Statistical analysis

The study used IBM SPSS version 25.0 (Chicago, IL, USA) for all statistical analyses. The distribution of categorical variables was expressed as frequencies and percentages and analyzed by chi-square. Binary logistic regression was used to analyze the odds ratio (OR) and 95% confidence interval (CI) for the association of exposure (depressive symptoms at baseline) with the onset of the outcome (frailty and its components) in the individuals at baseline in this study. Frailty was analyzed as a binary dependent variable (no-frail and frail), and covariates were included in the regression models in steps. Model 1 included depressive symptoms only; Model 2 additionally included social-demographic characteristics (age, sex, educational levels, marital status, and living place); Model 3 additionally included health behaviors and conditions (current smoking, alcohol drinking, activities, and chronic diseases); and Model 4 further included body measure (BMI). Cross-sectional analysis approaches were used to model covariates. P < 0.05 was considered statistically significant for all statistical analyses.

Results

Table 1 shows the baseline characteristics of participants according to the level of frailty. The mean age of participants was 61.06 ± 10.12; 62.03% were female; 84.00% were married; and 91.75% were living in rural areas. 8.99% were former smokers, and 24.60% were current smokers; 7.09% were drinking less than once a month, and 19.33% were drinking more than once a month; 49.24% were taking activities; 51.34% had 1–2 chronic diseases, and 27.16% had 3–14 chronic diseases. The frequency of frailty was 11.62%. The differences among participants with or without frailty were observed in the distribution of age, sex, educational levels, marital status, live place, current smoking, alcohol drinking, activities, chronic diseases, and BMI categories.

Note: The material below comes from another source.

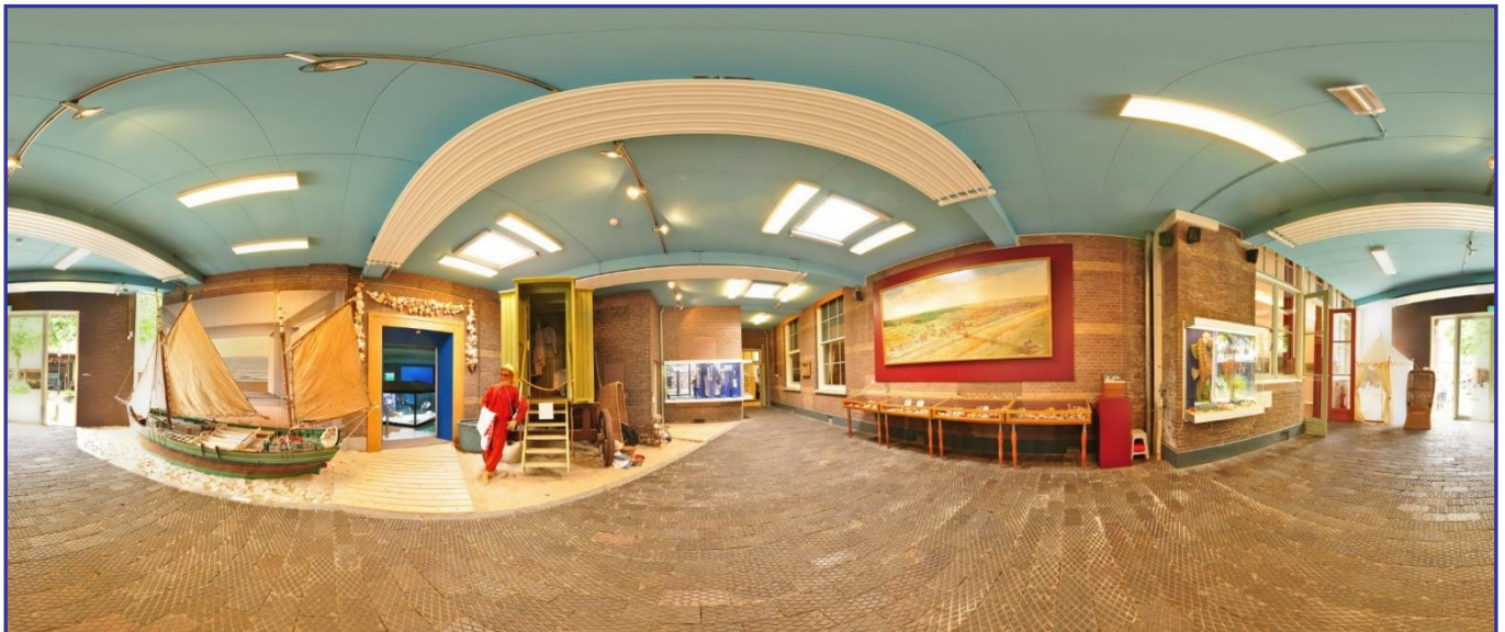
Dit is de Zeezaal van Muzee Scheveningen

Opa komt naar Bram toe. Het is tijd om naar huis te gaan. Wat was het leuk op het strand opa!: zegt Bram. Ik vond het nu nog leuker dan in de zomer! Ik ga morgen alles wat ik gevonden heb op school laten zien. 'Misschien wil de juffrouw wel met jullie naar Muzee Scheveningen': zegt opa. Daar kun je heel veel dieren uit de zee zien. Oh, zegt Bram, dat ga ik vragen! Bram is weer blij en hij is het koude weer helemaal vergeten.

Table 1 Baseline characteristics of participants according to the level of frail in CHARLS Waves2011

Table 2 shows the baseline characteristics of participants according to the level of depression. A total of 2581 robust participants (42.08%) and depressive symptoms (57.92%) at baseline were included in the cross-sectional analysis. The differences in depressive symptoms were observed in the distribution of age, sex, educational levels, marital status, live place, current smoking, alcohol drinking, chronic diseases, and frailty.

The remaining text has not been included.